§ Supplied information:
------------------------------

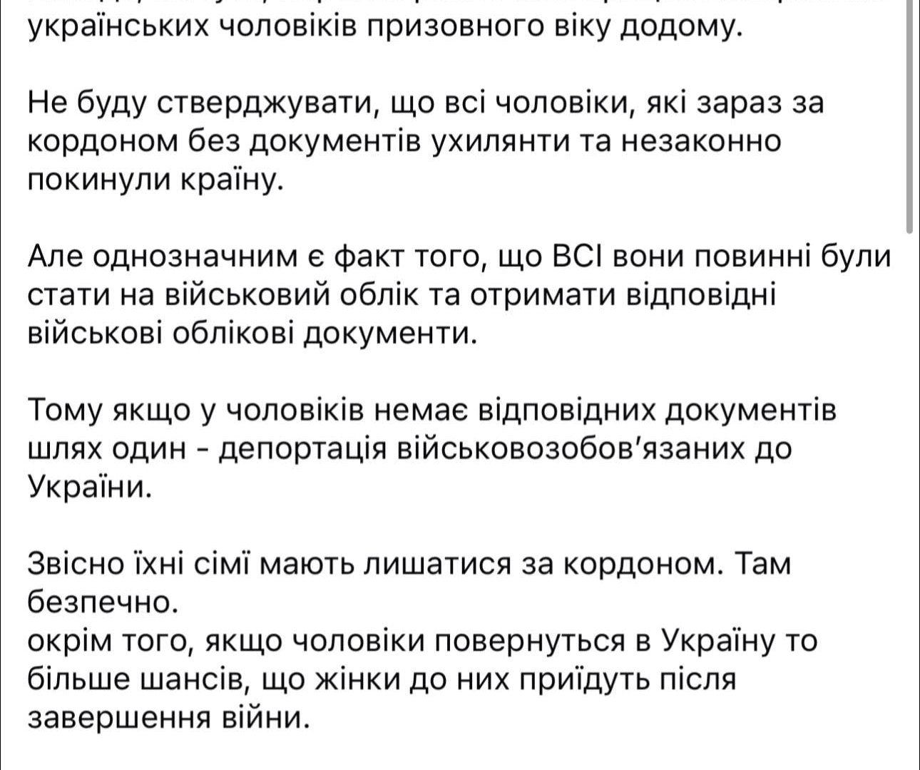 За його словами, всі чоловіки, які перебувають за кордоном, повинні були стати на військовий облік та отримати відповідні документи. Відсутність таких документів може стати підставою для депортації військовозобов’язаних до України.
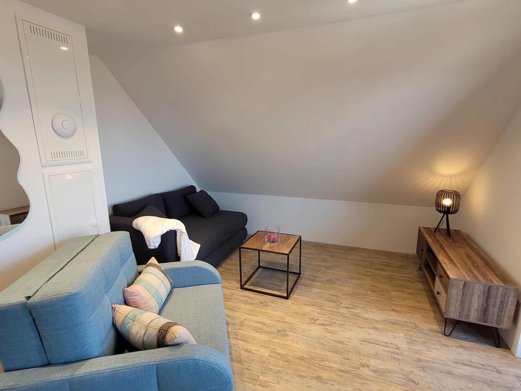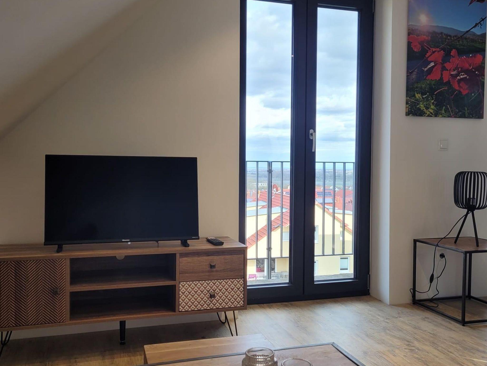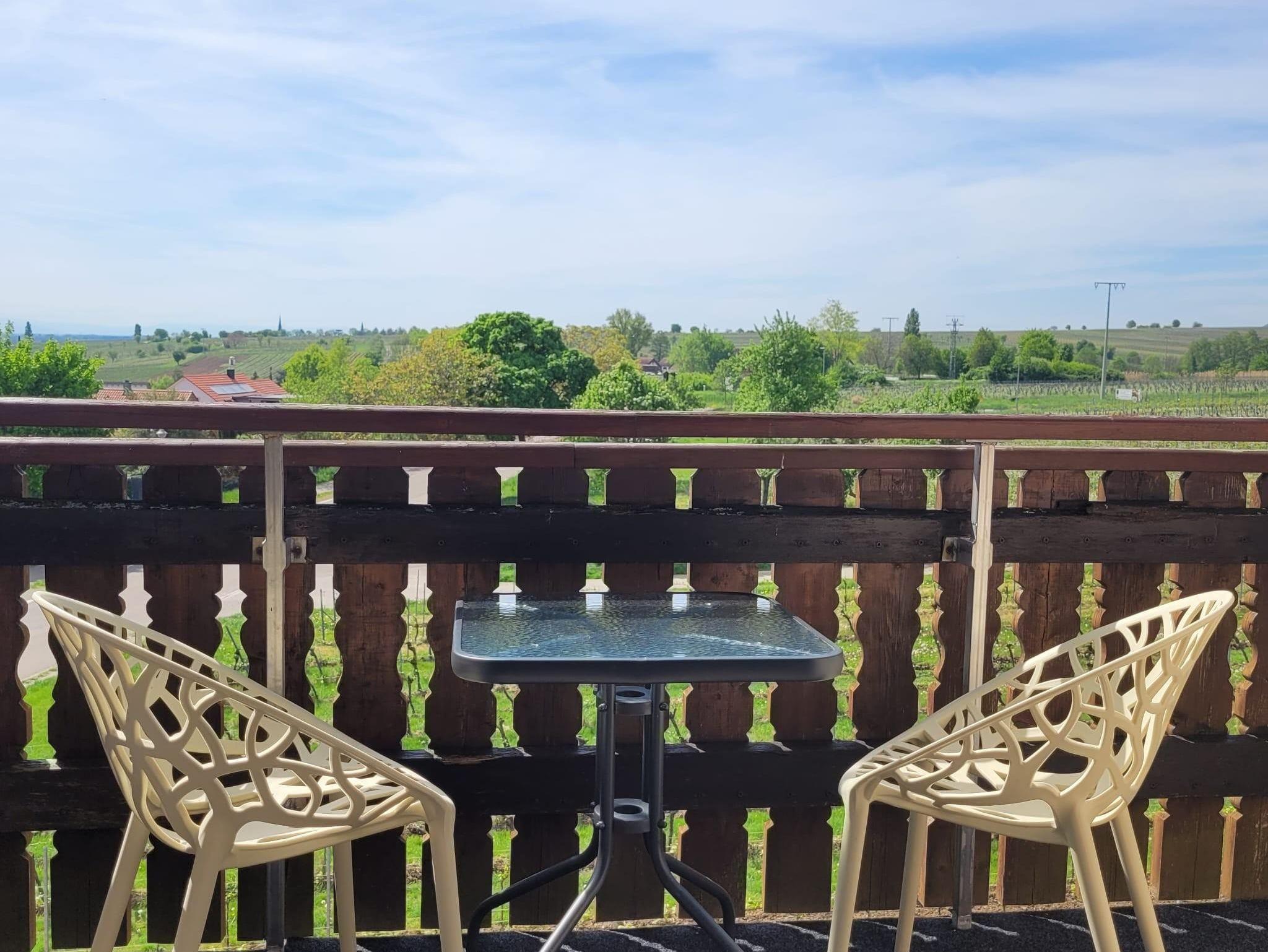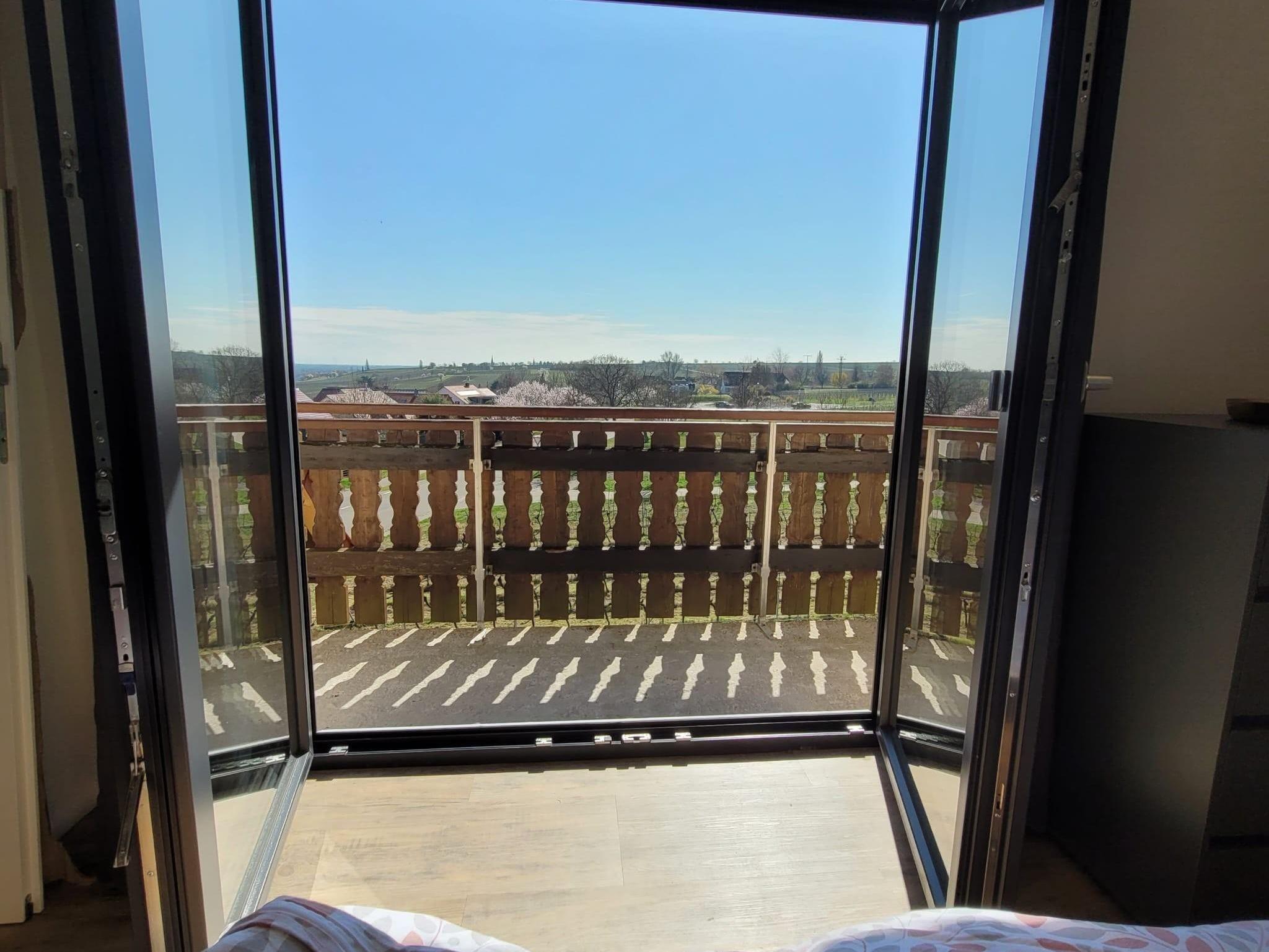 Modernes und gemütliches nach umfassender Kernsanierung mit Fussbodenheizung neu im März 2025 eingerichtes Studio-Appartement im DG. Das Appartement hat etwa 55 qm zzgl. überdachte Loggia mit Blick auf den südlichen Odenwald bzw. Nordschwarzwald und Balkon vor dem Schlafzimmer mit Blick über die Weinberge auf den Pfälzer Wald. 1 Wohnzimmer mit Smart-TV. 1 helle moderne Wohnküche mit Backofen, Induktionsceranfeld, Abzugshaube, Geschirrspüler, Wasserkocher, Toaster, Senseo-Kaffeemaschine, Mikrowelle, großer Kühlschrank mit Eisfach. 1 Schlafzimmer mit Boxspringbett (210x180). 1 Badezimmer mit Blick zum Hambacher Schloss.
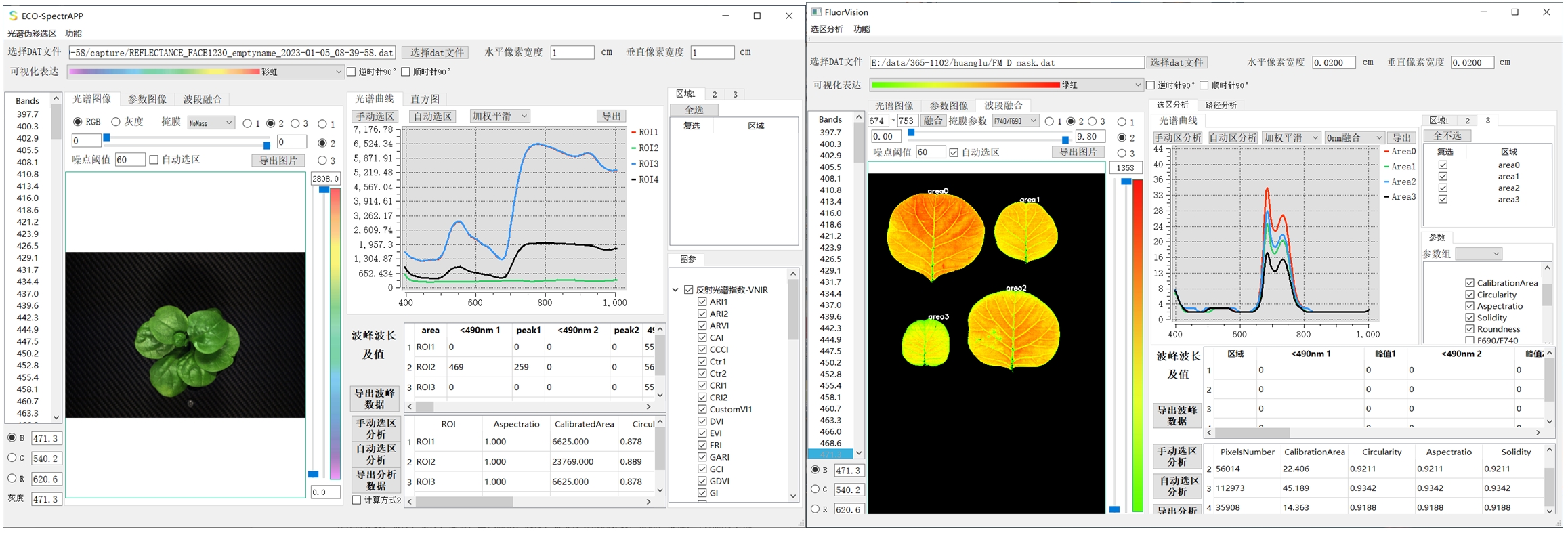 - SpectrAPP高光譜成像分析軟件及FluorVision高光譜熒光成像分析軟件,可進(jìn)行光譜融合、ROI選區(qū)分析、面積校準(zhǔn)、頻率直方圖、自動(dòng)識(shí)別不同波段峰值并分析其比值等,近百種參數(shù)一鍵分析

------------------------------

§ Exercise prompt:
For the material above, give every line again exactly and leave out the pictures.

§ Your solution:
 За його словами, всі чоловіки, які перебувають за кордоном, повинні були стати на військовий облік та отримати відповідні документи. Відсутність таких документів може стати підставою для депортації військовозобов’язаних до України.
 Modernes und gemütliches nach umfassender Kernsanierung mit Fussbodenheizung neu im März 2025 eingerichtes Studio-Appartement im DG. Das Appartement hat etwa 55 qm zzgl. überdachte Loggia mit Blick auf den südlichen Odenwald bzw. Nordschwarzwald und Balkon vor dem Schlafzimmer mit Blick über die Weinberge auf den Pfälzer Wald. 1 Wohnzimmer mit Smart-TV. 1 helle moderne Wohnküche mit Backofen, Induktionsceranfeld, Abzugshaube, Geschirrspüler, Wasserkocher, Toaster, Senseo-Kaffeemaschine, Mikrowelle, großer Kühlschrank mit Eisfach. 1 Schlafzimmer mit Boxspringbett (210x180). 1 Badezimmer mit Blick zum Hambacher Schloss.
 - SpectrAPP高光譜成像分析軟件及FluorVision高光譜熒光成像分析軟件,可進(jìn)行光譜融合、ROI選區(qū)分析、面積校準(zhǔn)、頻率直方圖、自動(dòng)識(shí)別不同波段峰值并分析其比值等,近百種參數(shù)一鍵分析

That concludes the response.